We process personal data for the following purposes:

  • Operating and providing access to the xPanda Web platform
  • Identity verification and age validation
  • User account and creator profile management
  • Payment processing and creator payouts
  • Displaying, recommending, and monetizing content
  • Fraud prevention, platform integrity, and legal compliance
  • Analytics and platform improvement

5. Legal Bases for Processing

Processing of your personal data is based on the following legal grounds under Article 6(1) of the GDPR:

Purpose Legal Basis Contract performance and account creation Art. 6(1)(b) GDPR Legal obligations (e.g., age verification, tax compliance) Art. 6(1)(c) GDPR Legitimate interests (e.g., fraud prevention, optimization) Art. 6(1)(f) GDPR Consent (e.g., marketing, non-essential tracking) Art. 6(1)(a) GDPR 6. Data Recipients and Disclosures

Personal data may be disclosed to the following categories of recipients:

  • Payment providers (e.g., Stripe, PayPal)
  • Hosting and cloud infrastructure (e.g., Amazon Web Services, Cloudflare)
  • Identity and age verification services
  • Tax authorities and financial institutions
  • Law enforcement or legal authorities where required by law
  • Internal support and moderation teams
  • Other users (if you post content publicly)

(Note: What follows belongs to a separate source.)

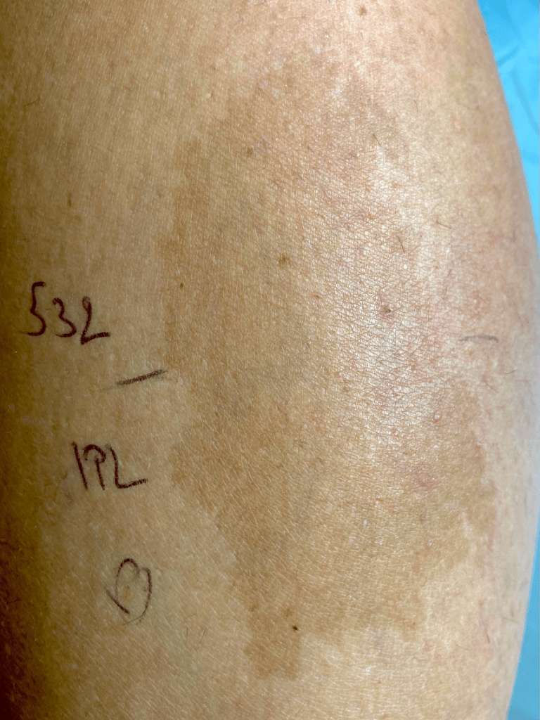 The first treatment was done on 26.10.21. I applied a fluence of 2 J/cm2 in a 532nm beam. This photo shows the immediate reaction following treatment by the YAG laser. The melanosomes have absorbed the laser energy which has generated steam bubbles on their surfaces. The whitening reaction is the result of these steam bubbles. This photo was taken before we applied the IPL beam to the lower half.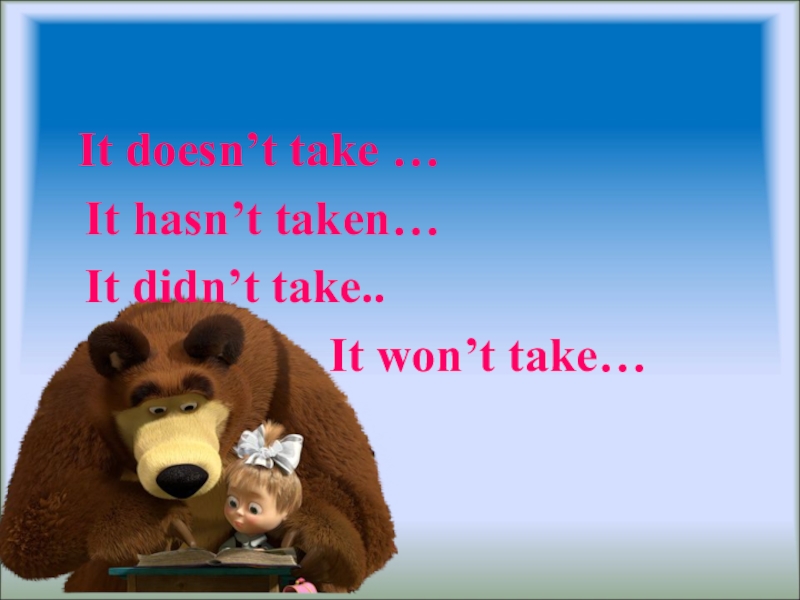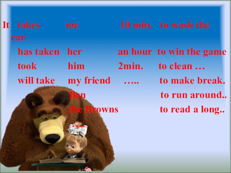 Презентация, доклад по английскому языку. Объяснение и отработка структуры It takes...

Data transfers to third countries outside the EEA occur only with adequate safeguards in place, pursuant to Articles 44–49 GDPR (e.g., Standard Contractual Clauses).

7. Data Retention

We retain personal data:

  • for the duration of the contractual relationship
  • as long as required by statutory retention periods (e.g., up to 10 years under §147 of the German Fiscal Code)
  • until withdrawal of consent or request for erasure, unless legal obligations prevent deletion

8. Your Rights as a Data Subject

Under the GDPR, you have the following rights:

  • Right of access (Art. 15 GDPR)
  • Right to rectification (Art. 16 GDPR)
  • Right to erasure (“right to be forgotten”) (Art. 17 GDPR)
  • Right to restriction of processing (Art. 18 GDPR)
  • Right to data portability (Art. 20 GDPR)
  • Right to object to processing (Art. 21 GDPR)
  • Right to withdraw consent (Art. 7(3) GDPR)
  • Right to lodge a complaint with a supervisory authority

To exercise these rights, please contact us at: privacy@xpanda.biz

9. Cookies, Trackers, and Analytics

We use cookies and similar technologies for:

  • Technical operation of the platform
  • Reach and usage analysis
  • Conversion tracking
  • User personalization

The use of non-essential cookies occurs only with your explicit consent in accordance with Art. 6(1)(a) GDPR and §25 TTDSG.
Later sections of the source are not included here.